Tiwanaku-Architektur ist der Oberbegriff für die Architektur des Tiwanaku-Staats. Im engeren Sinn steht der Begriff für die Architektur Tiwanakus. Architekturhistoriker zählen die Steinarchitekturen von Tiwanaku zu den kunstvollsten der Welt.[1] Zudem gilt sie als weltweit einzigartig.[A 1]

Forschung

Die Tiwanaku-Architektur ist erst wenig erforscht. Die einzigen Forscher, die die Steinarchitekturen von Tiwanaku bisher systematisch untersuchten, sind

  • Léonce Angrand (1848)
  • Alfons Stübel (1892)
  • Jean-Pierre Protzen und Stella Nair (2013)

Hauptkomponenten

Nach dem Anthropologen Paul Goldstein lassen sich weitesten Sinne die Schlüsselelemente wie folgt kategorisieren:[2]

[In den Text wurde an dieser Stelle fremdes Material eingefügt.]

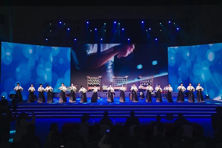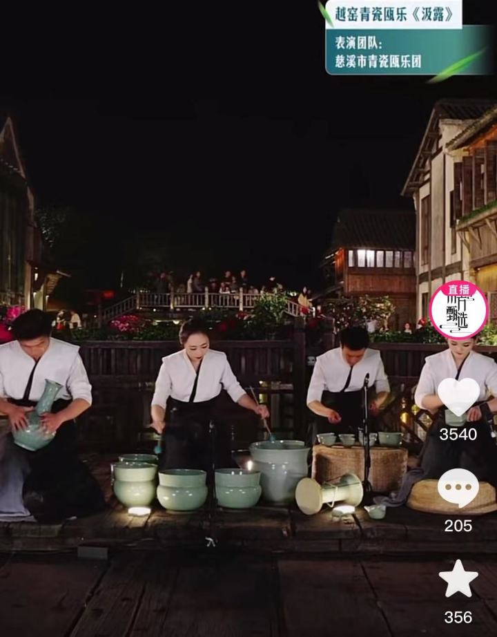 潮新闻记者了解到,这支来自浙江慈溪的青瓷瓯乐艺术团,数十位成员多是80后、90后的音乐人,曾代表浙江出访多个国家演出,演出用的都是碗、碟、盆、缸(盂)、花瓶(鼓)、编钟等青瓷器皿。

  • künstliche angelegte terrassierte Hügel (siehe z. B. Akapana und Pumapunku)
  • rechteckige Umfriedungen, einschließlich ummauerter Bezirke und abgesenkter Höfe (siehe z. B. Putuni und Kalasasaya)
  • Komplexe aus Toren und Treppen, die den Zugang zu Zeremonialkernen ermöglichten

Die Architekturhistoriker Jean-Pierre Protzen und Stella Nair ergänzen:

Diagnostische Merkmale

Abgestufte Faschen (in feiner Ausführung), die Nischen und Tore umgeben, sind ein diagnostisches Merkmal der Tiwanaku-Architektur. Außerdem sind das Stufenmotiv und Krampen mit denen Steinblöcke zusammengehalten werden, ein diagnostisches Merkmal. Das Motiv der abgestuften Fasche wurde von den Inka bei Pilkokaina übernommen und findet sich dort in weniger feiner Ausführung.[3] Zudem tritt das Motiv abgestufter Faschen oft in Reihen auf.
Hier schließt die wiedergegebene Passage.